Sometimes I wonder whether it is worth adding so many complex logics in order to make sure 100% correctness of the program in rare situation. For instance, in order to think of a case that breaks the program correctness, we need to be absolutely critical in some cases. Sometimes I feel that in some domains, it is okay that "most of the time" the program is correct, then we can save a lot of additional hardware logics.


The issue with reasoning about situations being rare is that on large scales "rare" things become commonplace.

Let's say there's a hardware concurrency bug that results in corrupted state in one out of every trillion instructions, on average.

Google searches probably each result in at least 1,000 instructions being executed, and Google gets around 3.5 billion searches per day (according to So, in this hypothetical, we'd expect the bug to show up at least 3 times per day, on just google search. Sometimes the effects of the bug might not be too terrible, but other times, maybe they'd cause security vulnerabilities, crashes, or state that gets corrupted in important, hard-to-debug ways.

(For a non-concurrency example, a hardware defect called Rowhammer was recently found to allow a very nasty privilege escalation exploit: Google's Project Zero blog has all of the technical details and ars technica has a slightly less technical, shorter overview.)


There are certainly a lot of domains in which approximations or correctness with high probability is sufficient, but given the high complexity of many parallel programs, guaranteed correctness is pretty important. You wouldn't want to run a huge job for hours only to find it incorrect. That said, we can be a lot more flexible on the programming side (which is usually much easier to change than hardware), which motivates the loosening of consistency.


Do you mean the hardware should only be correct usually or software should be correct usually? If there's a are hardware bug, then any application that requires utmost accuracy will be on unreliable hardware. There are many software applications that can return approximate answers very fast, but all of these must be running on reliable hardware. Imagine a programmer not being able to find out if their issue is software or hardware related!
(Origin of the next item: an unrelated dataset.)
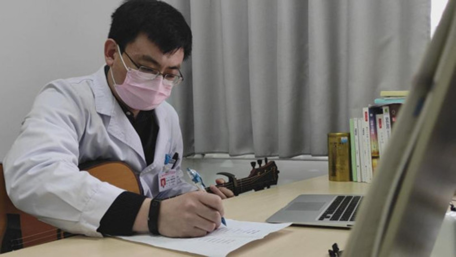 王佳佳出征之前為一線戰(zhàn)“疫”勇士譜寫歌曲《逆行的身影》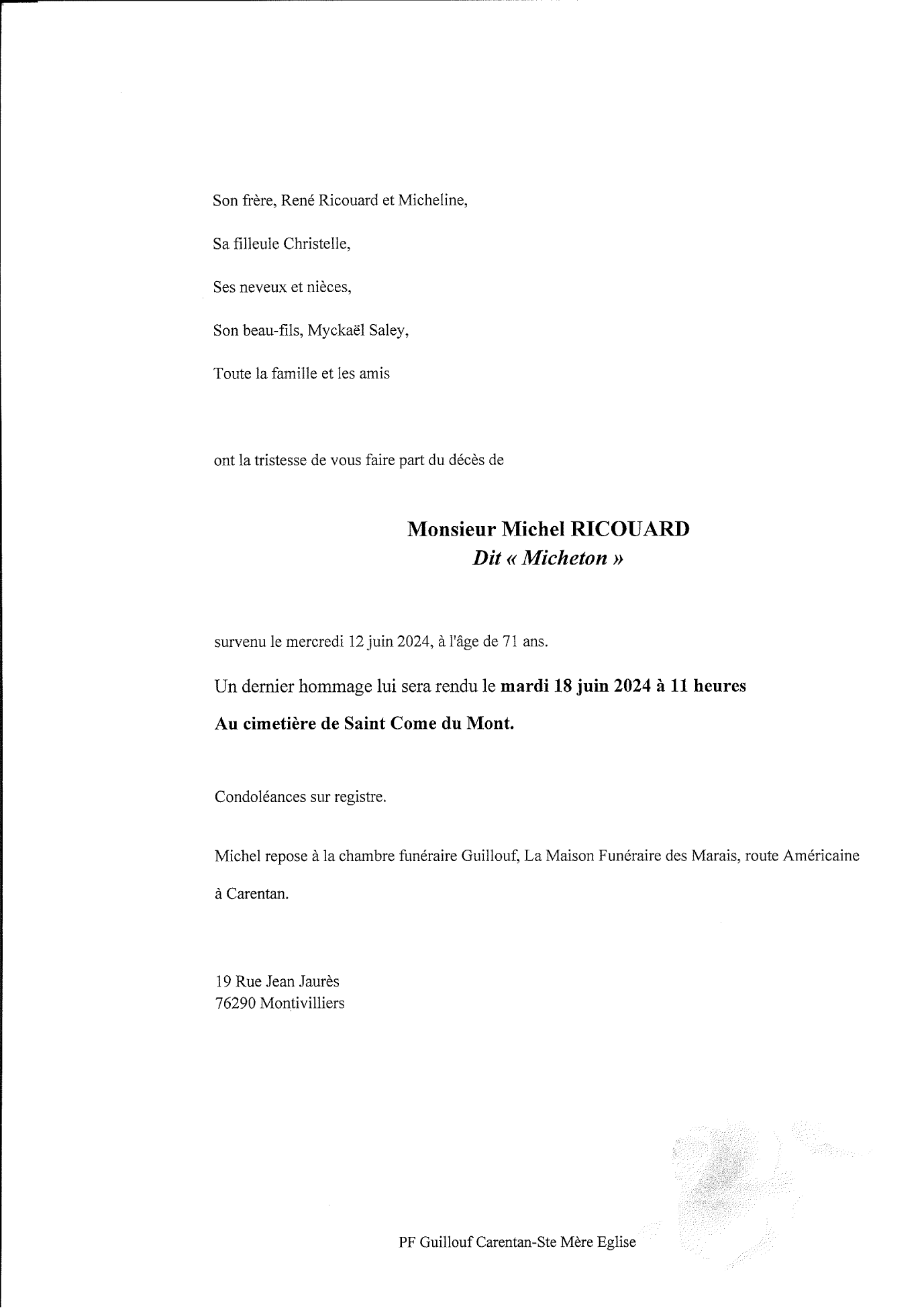 Décédé à Saint Côme du Mont (50500, France) le mercredi 12 juin 2024 à l'âge de 71 ans

I remember reading a paper about relaxing correctness guarantees for hardware. They claim adding a small probability of error can lead to hardware 30 times more power efficient and a couple times faster. It then all comes down to managing the likelihood of error. In certain applications, small errors are perfectly fine (e.g. approximation algorithms). Other times, you can repeat the computation enough times to make sure your answer is right. Quantum algorithms for example almost always give probabilistic results. Saying that all hardware must be flawless and always give the correct answer rules quantum computers out immediately.
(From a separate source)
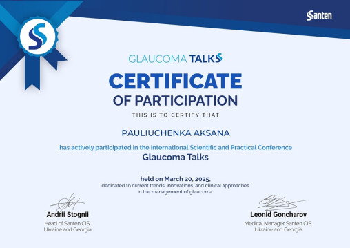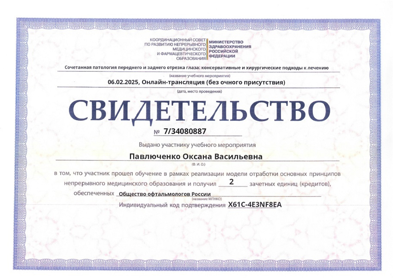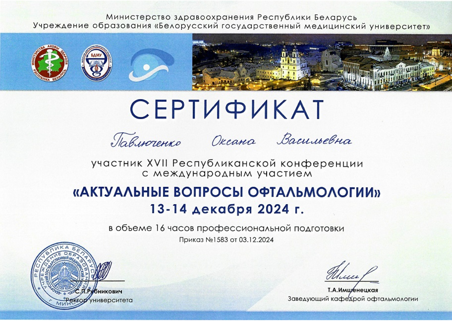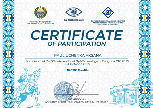 • 05.10.2015–03.11.2015 — Повышение квалификации по программе «Глаукома», (160 час.)

What is the power and hardware overhead to correctly supporting parallelism and coherence? The whole point of creating systems which process independent instruction streams is to avoid the power wall associated with improving single instruction stream performance. It seems that we are able to utilize transistors more effectively at lower power by utilizing parallelism but, as we've seen in the complexity required to support this parallelism, it's not completely free. Is it possible that we have simply pushed off the issue of power by adopting a solution with a lower growth rate? That is, is there a point at which the mechanisms to support parallelism start stressing our power limits? If not, what is the fundamental reason and what does it suggest about future systems?